He explains, “In many industrial countries, from Germany to Japan to South Korea, growth in the working-age population has already peaked, acting as a drag on the economy.” And he adds, “China’s labor force is expected to lose 1 million workers each year for the foreseeable future, and it is also aging rapidly.”

He acknowledges concerns about robots displacing workers, mentioning the often-cited 2013 Oxford University study by Carl Benedikt Frey and Michael A. Osborne, predicting that 47% of United States jobs are susceptible to computerization.

Sharma suggests such concerns are overblown. He writes that “…often, humans find a way of working with their automated creations. After the introduction of supermarket scanners, the number of cashiers grew. Though legal-discovery software appeared to threaten the jobs of paralegals, their ranks increased, too. Now, many fear that self-driving trucks will displace millions of American truckers, but they may create more and better jobs for those who service those increasingly complex vehicles.”

With respect to the truckers, one response would be, if self-driving trucks create more and higher paying jobs than those they displace, what is the incentive for the trucking industry to go down this route?

However, he does have empirical evidence on his side. We are not yet seeing the negative impact of automation on jobs that has often been predicted. “Since 2008, economic growth has been weak compared with that in other post-crisis recoveries, but job growth in the major industrial countries has been relatively strong,” he writes. By way of example, he notes that the Japanese economy is growing at only 0.8%, yet Japan is at full employment.

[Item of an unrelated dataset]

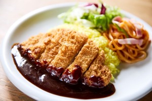 とんかつ・ターメリックライス・ナポリタンを盛り合わせたThe トルコライス。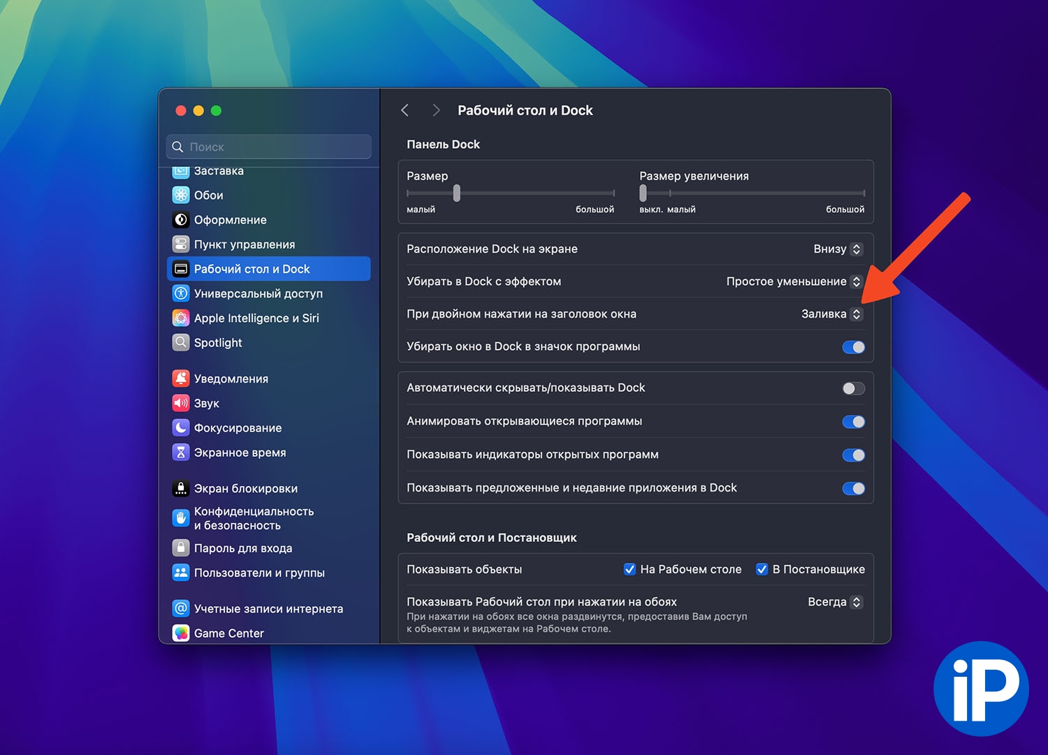 Как включить: откройте Системные настройки – Рабочий стол и Dock – При двойном нажатии на заголовок окна и измените значение на Заливка.

“According to my research,” he adds, “the job picture has been particularly strong in Germany, Japan, and South Korea—the industrial countries that employ the most robots.”

He acknowledges that the worldwide labor force includes 320 million humans and just 1.6 million robots—many of which are unintelligent single-task machines. “Nearly half of them work in the auto industry, which is still the largest employer (of humans) in the United States,” he says. So it seems the effect of an increasing number of increasingly intelligent machines remains to be seen.

Nevertheless, “Most of the world is graying fast,” Sharma concludes, “and the economic answer to aging will be all hands on deck, no matter what they’re made of.”